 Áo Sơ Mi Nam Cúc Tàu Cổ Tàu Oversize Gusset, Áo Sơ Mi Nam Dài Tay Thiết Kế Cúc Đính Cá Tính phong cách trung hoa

* * * * * * * * *

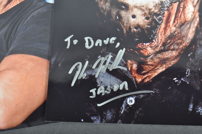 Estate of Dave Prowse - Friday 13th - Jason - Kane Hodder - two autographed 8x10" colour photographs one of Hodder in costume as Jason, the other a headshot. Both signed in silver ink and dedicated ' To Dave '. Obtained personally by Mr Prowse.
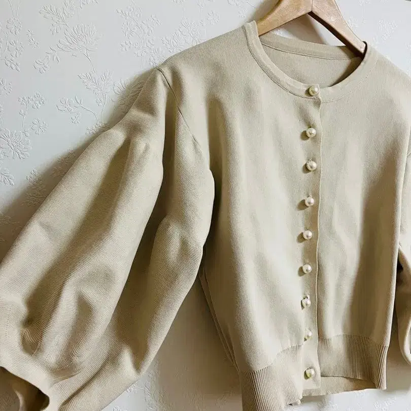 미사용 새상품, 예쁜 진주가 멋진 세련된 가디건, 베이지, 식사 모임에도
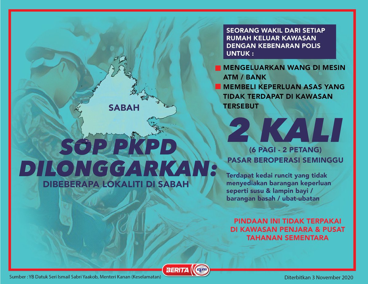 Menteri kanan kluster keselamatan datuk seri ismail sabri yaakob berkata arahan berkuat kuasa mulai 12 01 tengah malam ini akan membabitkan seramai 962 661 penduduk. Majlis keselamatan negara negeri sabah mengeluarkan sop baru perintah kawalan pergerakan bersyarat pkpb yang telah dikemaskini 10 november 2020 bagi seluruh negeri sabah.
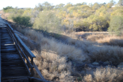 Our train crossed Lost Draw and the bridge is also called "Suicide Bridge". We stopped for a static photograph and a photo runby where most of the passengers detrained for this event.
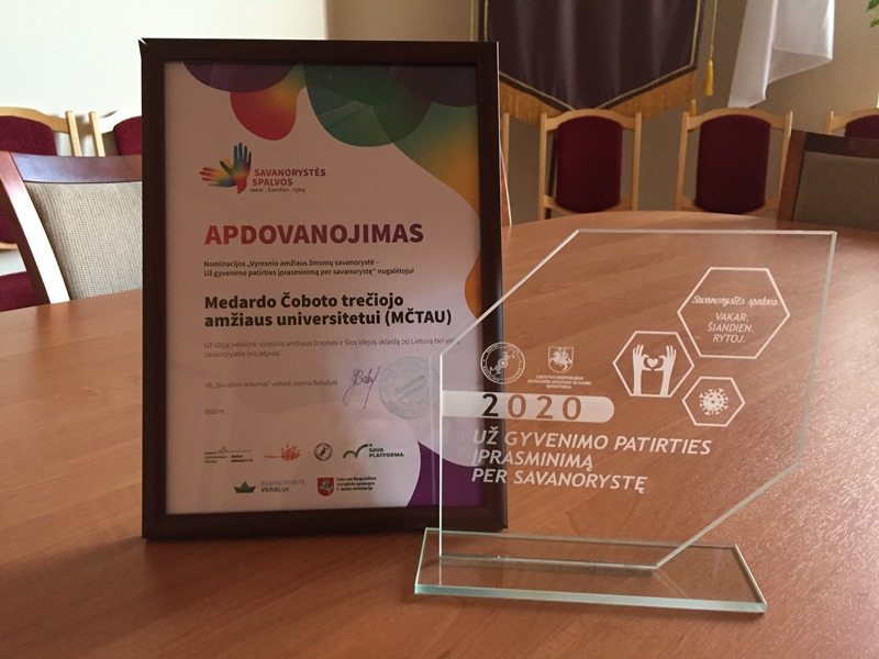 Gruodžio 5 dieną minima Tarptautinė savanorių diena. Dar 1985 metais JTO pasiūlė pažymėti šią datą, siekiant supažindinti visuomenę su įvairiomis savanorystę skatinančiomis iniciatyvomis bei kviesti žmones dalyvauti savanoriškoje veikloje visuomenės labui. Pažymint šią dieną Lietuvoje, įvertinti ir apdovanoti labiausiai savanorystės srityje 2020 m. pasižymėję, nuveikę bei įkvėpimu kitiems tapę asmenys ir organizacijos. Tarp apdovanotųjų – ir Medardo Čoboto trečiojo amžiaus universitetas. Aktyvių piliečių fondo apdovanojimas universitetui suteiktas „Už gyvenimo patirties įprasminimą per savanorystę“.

* * * * * * * * *

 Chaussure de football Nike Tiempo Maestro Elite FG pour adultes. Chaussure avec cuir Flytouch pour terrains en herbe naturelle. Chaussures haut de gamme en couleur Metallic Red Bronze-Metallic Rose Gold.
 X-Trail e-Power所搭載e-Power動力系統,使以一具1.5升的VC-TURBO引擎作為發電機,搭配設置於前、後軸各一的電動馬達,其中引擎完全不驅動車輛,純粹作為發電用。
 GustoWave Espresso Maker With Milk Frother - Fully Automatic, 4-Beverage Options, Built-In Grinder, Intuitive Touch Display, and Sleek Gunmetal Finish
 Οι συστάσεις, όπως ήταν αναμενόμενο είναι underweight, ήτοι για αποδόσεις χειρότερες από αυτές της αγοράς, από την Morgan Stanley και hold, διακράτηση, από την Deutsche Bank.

* * * * * * * * *

• **What the task requires**
Retype exactly, and only, the lines above from the one where "Chaussure de football" occurs up to and including the one where "Οι συστάσεις, όπως" occurs.

• **Solved exercise**
 Chaussure de football Nike Tiempo Maestro Elite FG pour adultes. Chaussure avec cuir Flytouch pour terrains en herbe naturelle. Chaussures haut de gamme en couleur Metallic Red Bronze-Metallic Rose Gold.
 X-Trail e-Power所搭載e-Power動力系統,使以一具1.5升的VC-TURBO引擎作為發電機,搭配設置於前、後軸各一的電動馬達,其中引擎完全不驅動車輛,純粹作為發電用。
 GustoWave Espresso Maker With Milk Frother - Fully Automatic, 4-Beverage Options, Built-In Grinder, Intuitive Touch Display, and Sleek Gunmetal Finish
 Οι συστάσεις, όπως ήταν αναμενόμενο είναι underweight, ήτοι για αποδόσεις χειρότερες από αυτές της αγοράς, από την Morgan Stanley και hold, διακράτηση, από την Deutsche Bank.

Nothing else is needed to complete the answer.